Savvy is owned by Saudi Arabia’s sovereign wealth fund, and its CEO Brian Ward said that the company is exploring international companies to partner with for commercial as well as strategic purposes, and that China was a particularly attractive target.
Saudi Arabia’s video game company, Savvy Games Group, has turned towards the Chinese market for inspiration as it considers setting up shop in Asia’s largest economy. Savvy’s Vice Chairman, Saudi Prince Faisal bin Bandar bin Sultan Al Saud, said during his recent visit to Shanghai that China was a viable market for the video game company, not only due to its vast customer base but also because of its talent pool.
The Prince highlighted that gaming and esports thrive in China without any international market, citing the success of the shooting game Delta Force, developed by Tencent Holdings, which garnered nearly 13 million daily active users mere months after its debut in China.
Savvy is owned by Saudi Arabia’s sovereign wealth fund, and its CEO, Brian Ward, said that the company is exploring partnerships with international companies for both commercial and strategic purposes, and that China is a particularly attractive target. He said that, along with being one of the biggest global markets and home to a massive talent pool, it also has some genres of games that are unheard of in any other part of the world.

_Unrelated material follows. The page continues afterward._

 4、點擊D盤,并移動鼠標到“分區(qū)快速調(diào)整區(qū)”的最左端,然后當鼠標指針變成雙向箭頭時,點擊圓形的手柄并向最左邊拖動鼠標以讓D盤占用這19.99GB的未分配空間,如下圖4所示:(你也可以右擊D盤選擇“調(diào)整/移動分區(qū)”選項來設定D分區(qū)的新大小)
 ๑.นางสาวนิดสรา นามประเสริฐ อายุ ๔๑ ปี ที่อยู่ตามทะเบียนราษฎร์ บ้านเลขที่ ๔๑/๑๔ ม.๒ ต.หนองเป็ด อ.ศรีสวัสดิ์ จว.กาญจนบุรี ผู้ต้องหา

Ward also confirmed that Savvy is exploring new partnerships and also seeks to make new investments in local markets, suggesting that no new deals would be announced anytime soon, and refrained from providing any further details. Savvy’s international ambitions align with Saudi Vision 2030 to make the Kingdom into a global hub for gaming and esports.
Launched in 2016, Saudi Vision 2030 is part of the Kingdom’s initiative to diversify the economy and reduce its dependence on oil. As part of Vision 2030, policymakers and Riyadh officials aim to create 39,000 local video gaming jobs and contribute $13.3 billion to the national GDP.

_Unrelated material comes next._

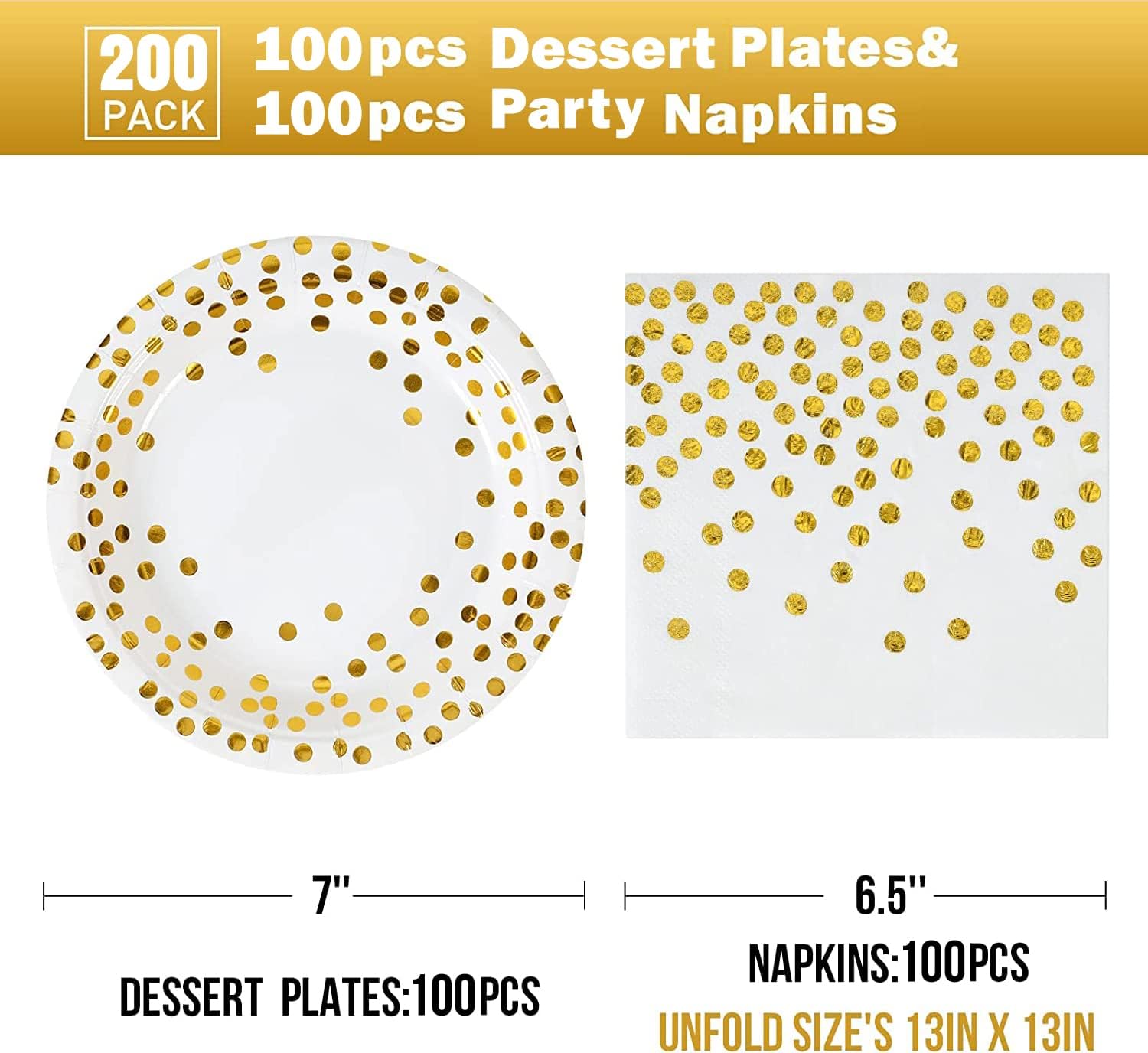 White and Gold Plates and Napkins -100 x 7inch Paper Plates & 100 x 6.5inch Napkins,White Paper Plate for Cake,Dessert,Great for Weddings,Birthdays,Bridal Parties,All Occasions(200 PCS)

Savvy was established by Saudi Arabia’s Public Investment Fund (PIF) in 2021 and has made investments in many globally renowned game studios, like the US-based Activision Blizzard and Scopely and Japan’s Nintendo and Capcom. The company also announced recently that it was acquiring US video gaming giant Electronic Arts, which develops games like The Sims, in a $55 billion deal involving a group of investors, including the PIF. This marks the second-largest deal in the video game industry.
According to a Financial Times report, industry experts are closely monitoring Savvy’s M&A expansion plans, especially after Ward announced in September that the company was looking for its next ‘multi-million dollar deal’ in China or other Asian markets. The company’s last venture in the Chinese gaming industry was in 2023, when, in hopes of breaking into the Asian market, it acquired a 30% stake in Tencent-backed Hero Esports for $265 million.

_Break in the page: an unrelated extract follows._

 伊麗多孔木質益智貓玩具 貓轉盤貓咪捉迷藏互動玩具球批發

Ward explained that Savvy sees great potential outside ‘mature Western markets’, particularly in emerging Asian markets. He also said that there are a lot more opportunities in hardcore game genres, as opposed to casual ones, adding that the company was interested in personal-computer and console games.
A gaming enthusiast himself, Prince Faisal said that Black Myth: Wukong was one of the best games he has ever played, and that it has partly inspired Savvy to develop self-produced AAA titles. Produced by Chinese startup Game Science, Black Myth has received much popularity and critical acclaim as it is an action role-playing game. The Prince also said that many young Saudi men and women are interested in developing games, and that is the catalyst the industry needs to one day create something like Black Myth.
This year marks the 35th anniversary of diplomatic ties between China and Saudi Arabia, and bringing forth collaborations in often overlooked fields like the gaming sector is certainly a positive step towards improving bilateral ties, and also contributes to Vision 2030.